While I consider myself a level-headed woman who performs well in a business environment, this book really opened my eyes to some of the mistakes we as women make in the corporate world. Such subtle things that we wouldn't even give a second thought about can drastically affect how we appear in the eyes of our male coworkers. As the author points out, the emphasis in this title shouldn't be on the "girls," but one the "nice." I have made many of the "nice girl" mistakes the author highlights, and they have ended up costing me professionally. I highly recommend this book to any woman who wants to move up in the work force.
I was a bit disappointed in this one. A good friend recommended the book, so I got the audible and the hard copy. I couldn't stay focused on the objectives by listening to it. This is one I wouldn't recommend purchasing.
No content, no explanation, no corroboration ...totally one dimensional shallow "flashcards"
If this woman is so smart then please refer us to gender research, to books,publications on the topic and not just to "from her experience".

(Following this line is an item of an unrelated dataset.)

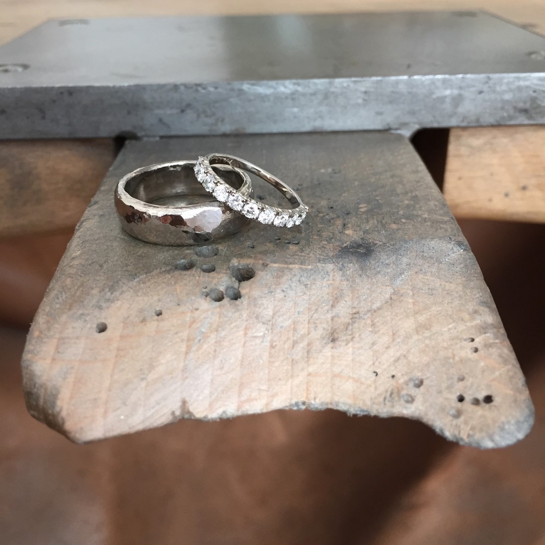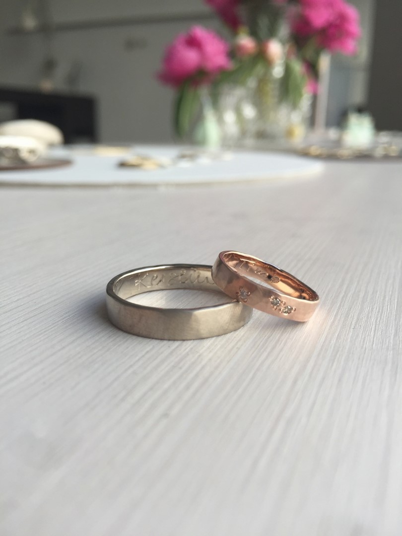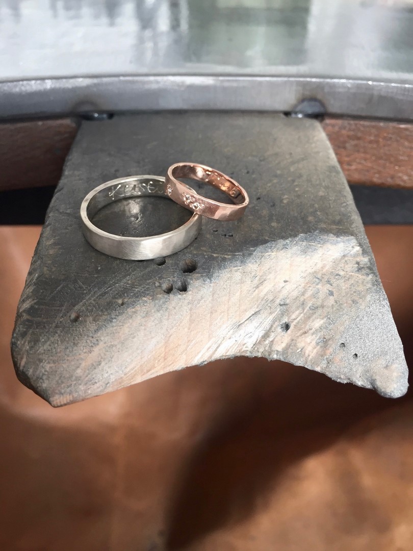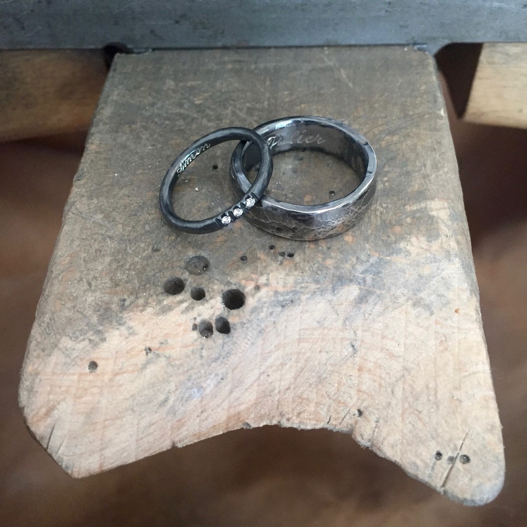 Schmuckdesignerin Katie Gruber kaschiert Unregelmäßigkeiten im Material nicht. Dies führt zu Ecken und Kanten, kleinen Einkerbungen und Unregelmäßigkeiten, die jeden Ring so individuell machen wie seinen Träger. Katie g. Eheringe sind demnach, je nach Charakter des Paares, manchmal eckig, manchmal rau, oder klassisch zart und fließend. Besondere Patinas führen dazu, dass sich das Stück bewusst verändert und mit der Zeit so individuell wird wie der Träger. Diese Individualität spielt eine zentrale Rolle in Katie’s Ehering Kreationen, die von Grund auf von Hand gemacht sind. Jedes Stück ist ein hochwertiges Unikat.

Frankel does a good job of setting out some of the underlying sexisms in the workplace and gives practical tips on how to progress despite these assumptions. The emphasis throughout is on the 'girl' of the title (rather than the 'nice') and how girlish behavior may be causing many women to be taken less seriously, promoted less, and paid less. She's aware that in an ideal world being a girl shouldn't disqualify one from effective management or promotion, but is committed to giving a solution, now, for this less than ideal one. Practical tips include not using the diminutive form of your name, not refusing perks, not killing yourself to pull off the impossible in pursuit of praise and not using preambles when you speak in meetings. Her frankness is refreshing -- she says that one doesn't go to meetings because they get things done, one goes to meetings to be seen -- and although the 'Rich' half of the audiobook is mainly geared to American financial norms there's a good mix of sound, practical, psychology and aspirational thinking there too. In sum, better than you'd expect from the title and the package - any woman who works in a corporation or business (especially one where men in suits set the norms) might find something to take away here.